Journalists and academics bear the brunt of the massive crackdown on freedom of expression in Turkey. Scores of them are currently subject to criminal investigations or behind bars. This website is dedicated to tracking the legal process against them.
Office of the General Prosecutor of the Supreme Court of Appeals says Altan brothers and Ilıcak should have been charged with “aiding a terrorist group without being its member”
The Office of the General Prosecutor of the Supreme Court of Appeals has requested the reversal of the appellate court’s verdict in the case against jailed novelist and journalist Ahmet Altan, his brother, professor of economics and longtime newspaper columnist Mehmet Altan, veteran journalist Nazlı Ilıcak, and their three co-defendants.

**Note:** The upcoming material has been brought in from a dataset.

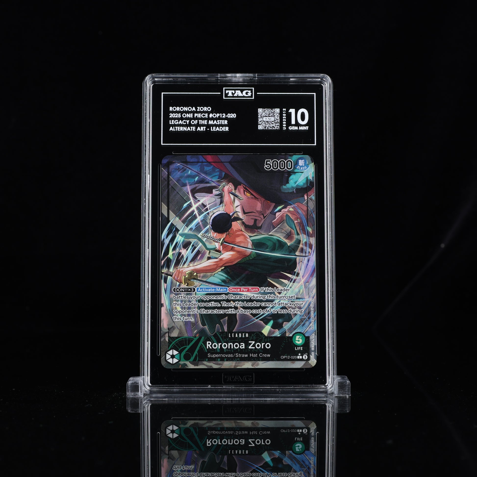 Roronoa Zoro (020) Alternate Art card from the Legacy of the Master set (OP12). This TAG 10 variant features stunning alternate artwork of the legendary swordsman. Perfect for collectors and competitive players seeking premium One Piece Trading Card Game cards. Condition and authenticity guaranteed. Add this powerful character card to your collection today.

In February 2018, the 26th High Criminal Court of Istanbul had sentenced the Altans, Ilıcak and three of their co-defendants to aggravated life imprisonment for “attempting to overthrow the constitutional order” as per Article 309 of the Turkish Criminal Code (TCK). The indictment claimed that the defendants in the case “had prior knowledge of the coup attempt of July 2016,” which the government claims to have been carried out by the religious movement led by Fethullah Gülen.
In October, the 2nd Criminal Chamber of the Istanbul Regional Court of Justice, the appellate court overseeing the case, upheld the trial court’s verdict. The defense lawyers then appealed the appellate court’s decision before the Supreme Court of Appeals.

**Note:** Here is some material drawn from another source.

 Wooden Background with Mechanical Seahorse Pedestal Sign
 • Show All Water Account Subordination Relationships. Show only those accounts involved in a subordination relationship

The Office of the General Prosecutor of the Supreme Court of Appeals said in their judicial opinion concerning the appeal that the Altan brothers and Ilıcak should have been charged with “aiding a terrorist organization without being its member,” instead of the much serious charge of “attempting to overthrow the constitutional order.”
The judicial opinion asserted that “force and violence” were the essential elements of the charge of “attempting to overthrow the constitutional order” as described in TCK 309, adding that the concepts of “immaterial force” or “threat” were unacceptable in proving this charge in respect of the principle of legality.
Adding that the alleged acts committed by the defendants did not amount to “physical force and violence,” the judicial opinion went on to say that the verdict was based on “a broad assumption” and lacked specifics as to “when the alleged offense began to be committed; which offense the defendants participated in; or in what way they used force and violence.”
The judicial opinion said the court’s presumption that the defendants had committed the alleged offense "jointly and directly" was “erroneous and lacking legal and sufficient grounds.”
The Office of the General Prosecutor submitted their judicial opinion to the 16th Criminal Chamber of the Supreme Court of Appeals on 8 January.
The judicial opinion (in Turkish) by the Office of the General Prosecutor of the Supreme Court of Appeals can be seen here.
In the event the Chamber rules in line with the Office of the General Prosecutor's judicial opinion, the case file against the Altan brothers and Ilıcak will return to the trial court for retrial, this time on the charge of “aiding a terrorist group.”
The Office of the General Prosecutor also said in their judicial opinion that the Altans’ three co-defendants -- Fevzi Yazıcı, the chief page designer of the shuttered daily Zaman, Yakup Şimşek, the newspaper’s marketing director, and former Police Academy lecturer Şükrü Tuğrul Özşengül -- should have been charged with “membership in a terrorist group.”
The judicial opinion seeks that the Supreme Court of Appeals uphold the verdict concerning Tibet Murat Sanlıman, the seventh defendant in the case, who was acquitted of the charges by the trial court.
In the event the 16th Criminal Chamber of the Supreme Court of Appeals upholds the appellate court verdict, the Office of the General Prosecutor of the Supreme Court of Appeals can still object to the verdict, in which case the file will be reviewed by the Assembly of Criminal Law Chambers.
Of the six defendants, Mehmet Altan was released in June by a decision of the appellate court when the court first took up the case. The other defendants remain imprisoned, for well over two years now.